**WHAT YOU ARE ASKED TO DO**
Leave the pictures out and repeat the rest of the data below exactly.

-------- SOURCE DATA --------

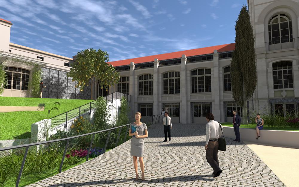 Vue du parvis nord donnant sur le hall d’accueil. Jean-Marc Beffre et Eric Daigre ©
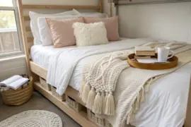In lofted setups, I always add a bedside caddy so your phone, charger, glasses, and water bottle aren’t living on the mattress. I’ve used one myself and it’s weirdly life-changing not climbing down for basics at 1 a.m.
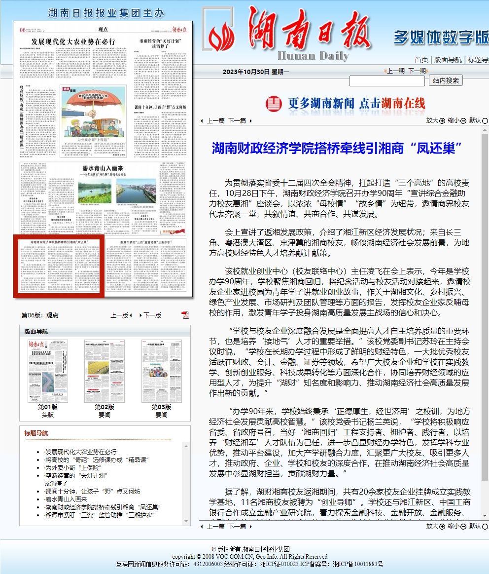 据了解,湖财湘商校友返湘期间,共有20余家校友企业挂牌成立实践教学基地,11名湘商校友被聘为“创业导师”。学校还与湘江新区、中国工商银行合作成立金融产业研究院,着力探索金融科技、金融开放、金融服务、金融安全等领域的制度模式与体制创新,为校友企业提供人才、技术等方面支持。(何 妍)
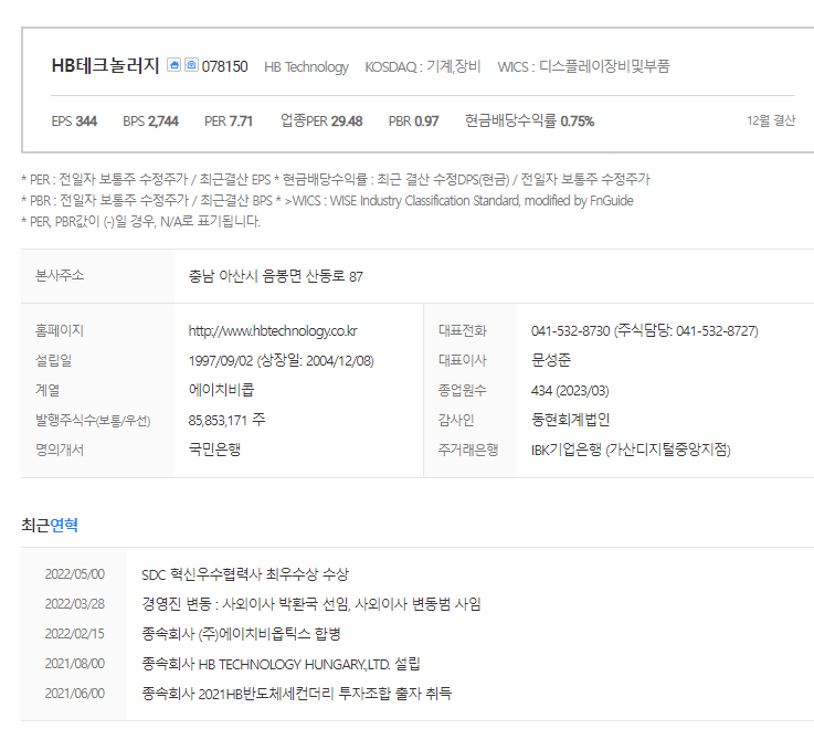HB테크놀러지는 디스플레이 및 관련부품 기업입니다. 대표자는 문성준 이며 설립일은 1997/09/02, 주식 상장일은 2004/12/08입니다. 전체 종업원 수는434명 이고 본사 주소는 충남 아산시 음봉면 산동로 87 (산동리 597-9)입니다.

--------

**RESPONSE FOR THIS EXERCISE**
 Vue du parvis nord donnant sur le hall d’accueil. Jean-Marc Beffre et Eric Daigre ©
In lofted setups, I always add a bedside caddy so your phone, charger, glasses, and water bottle aren’t living on the mattress. I’ve used one myself and it’s weirdly life-changing not climbing down for basics at 1 a.m.
 据了解,湖财湘商校友返湘期间,共有20余家校友企业挂牌成立实践教学基地,11名湘商校友被聘为“创业导师”。学校还与湘江新区、中国工商银行合作成立金融产业研究院,着力探索金融科技、金融开放、金融服务、金融安全等领域的制度模式与体制创新,为校友企业提供人才、技术等方面支持。(何 妍)
HB테크놀러지는 디스플레이 및 관련부품 기업입니다. 대표자는 문성준 이며 설립일은 1997/09/02, 주식 상장일은 2004/12/08입니다. 전체 종업원 수는434명 이고 본사 주소는 충남 아산시 음봉면 산동로 87 (산동리 597-9)입니다.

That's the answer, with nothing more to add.